Removing
1. Remove oil pan, chain (or chains) and flywheel.
2. Remove the piston rods.
Attention! If no repair work is carried out with the pistons and connecting rods, then there is no need to remove the cylinder head and the connecting rod and piston group. The pistons should only be pushed towards the combustion chambers to move a sufficient distance from the crankshaft bearings.
3. Check the end play of the crankshaft, and then perform the following operations.
Engine 2.0L
4. Loosen the bolts and remove the left side (flywheel side) cylinder block rear oil seal holder. When loosening the guide pins, remove them and store with the holder.
5. Loosen the main bearing cap bolts 1 turn at a time. After unscrewing the bolts, remove them from the cylinder block.
6. Remove the cast cage from the main bearing caps, paying attention to its orientation.
7. Main bearing caps must be numbered 1 to 5 starting with the timing chain cap (the location of the numbering is indicated by arrows). If no numbers are available, apply white paint marks that correspond to the serial number of the cover and determine its orientation in order to prevent incorrect installation of the cover during assembly.

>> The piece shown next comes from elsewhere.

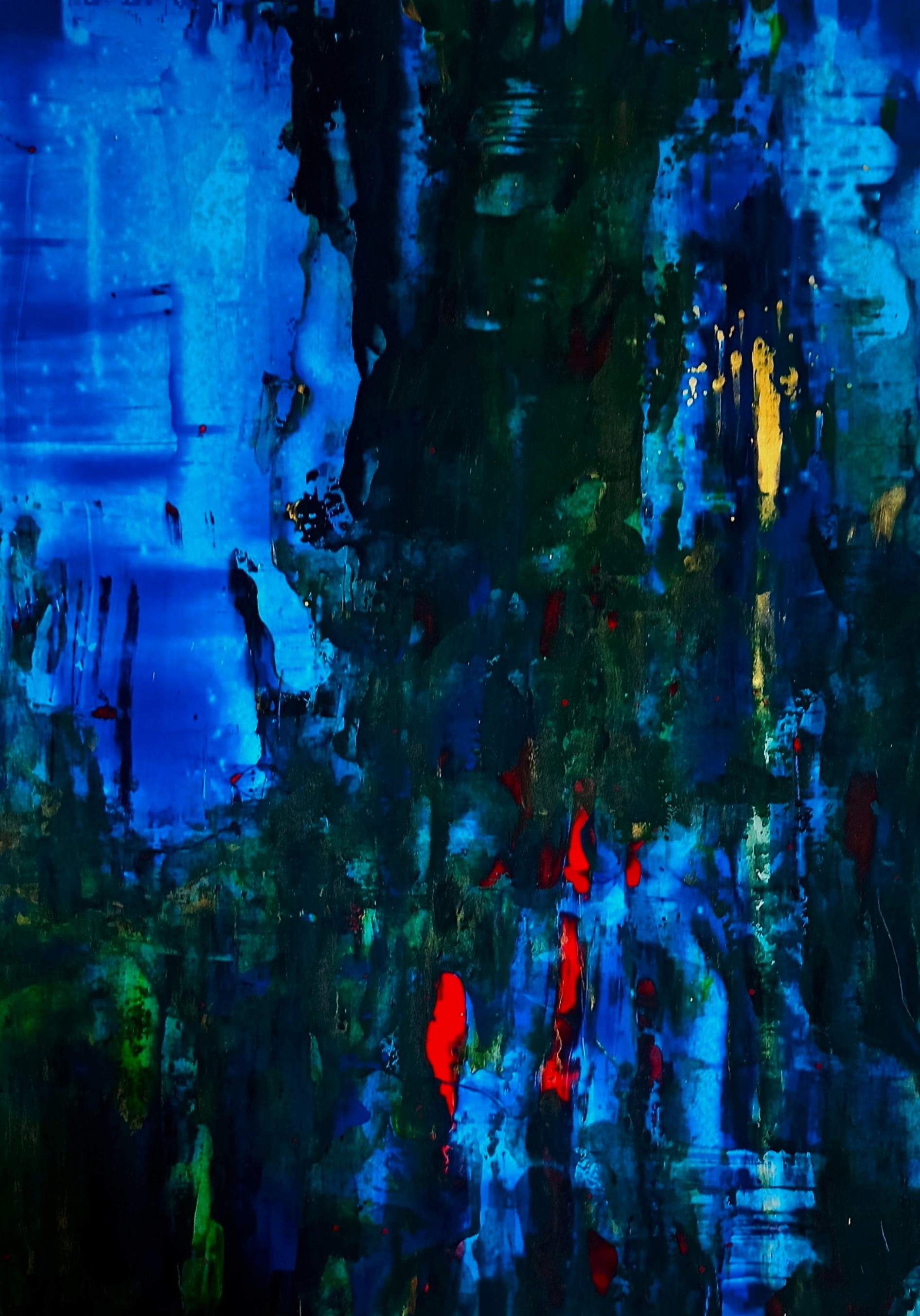 DEEP IX from the DEEP series continues the visual exploration of depth present throughout the series, revealing a space where the intensity of color becomes a carrier of emotion and inner tension. Fields of blue and green create a delicate, multi-layered structure reminiscent of a fragmented landscape of memory or experience.

8. Remove the covers and take out the lower shells of the main bearings. Tape each earbud to its respective lid to prevent loss or incorrect insertion of the earbuds.
9. Carefully remove the crankshaft, while the displacement of the upper shells of the main bearings is not allowed.
10. Remove the upper main bearings from the cylinder block. Tape each earbud to its respective lid to prevent loss or incorrect insertion of the earbuds. Remove the thrust washers from the middle crankshaft bearing (N3) and store together with the middle main bearing cap.
Checking the end play
1. Axial play is checked before removing the crankshaft from the engine and can move freely in the main bearings (see subsection 3.2.2.11).
2. Axial play is checked using a dial indicator, which rests against the end of the crankshaft. Move the crankshaft all the way to the side and set the indicator scale to zero. Move the crankshaft in the opposite direction and read the indicator reading. Compare the result with the standard. If the play exceeds the norm, then the thrust half rings will need to be replaced.
3. In the absence of an indicator, axial play can be checked with a feeler gauge. Move the crankshaft all the way to the flywheel side, then measure the play by inserting feeler gauges into the gap between the crankshaft web near the 4th crankpin and the thrust half ring next to the 3rd main bearing.
Status check
4. Wash the crankshaft with kerosene or solvent and dry with compressed air (if available). Thoroughly clean the oil passages inside the crankshaft with a brush.
5. Check the crankpins for signs of uneven wear, cracks, scoring and pitting (fossae).
6. Uneven wear of the connecting rod journal is accompanied by a distinct metallic knock on a running engine (which is especially audible when pressing the throttle pedal while driving at low speed) and a noticeable drop in oil pressure.
7. Wear of the main bearings is accompanied by a strong vibration of the engine and a dull rumbling sound that increases with increasing engine speed, as well as a noticeable drop in oil pressure.
8. Check the roughness of the crankshaft journals by running your finger over them without applying too much pressure. Any roughness (which manifests itself simultaneously with obvious signs of wear of the main and connecting rod bearings) indicates the need for regrinding the crankshaft journals (if possible) or its replacement.
9. Check the runout of the crankshaft in the center using a dial indicator by placing the crankshaft in the prism bearings. If the runout exceeds the norm, then the crankshaft must be replaced.
10. If the crankshaft journals have been ground, deburr around the oil holes (these holes are usually countersunk slightly, so burrs only occur if the grinding work is done carelessly). Burrs are removed with a small needle file or scraper; when finished, carefully clean the holes.
11. Measure the diameter of the main (photo on the left) and connecting rod (photo on the right) necks and compare the results with the normative ones from the section (see subsection 3.2.1.1). Determine the ovality of the necks by measuring the diameter at several points around the circumference of the neck. Check the taper by measuring the diameter near the opposite cheeks of the necks. Compare the obtained results with the normative ones.
12. Check up a condition of necks of the crankshaft condensed by epiploons. If there is a deep groove on these necks that has formed in the place of the working edges of the oil seal, then consult a specialist, as either repair or replacement of the crankshaft will be required.
13. The manufacturer supplies repair main and connecting rod bearings as spare parts. For main bearing shells, there is only one repair size (0.25 mm) and three repair sizes for connecting rod bearings (0.08, 0.12 and 0.25 mm). For the purchase of repair main and connecting rod bearings, contact the car service of a Nissan dealer.
14. If repair liners are available for sale, and the wear of the crankshaft journals exceeds the standard so that further repairs are impossible, then it is advisable to purchase a rebuilt crankshaft and install repair bearings. About what actions to take next, consult a car service or a specialist.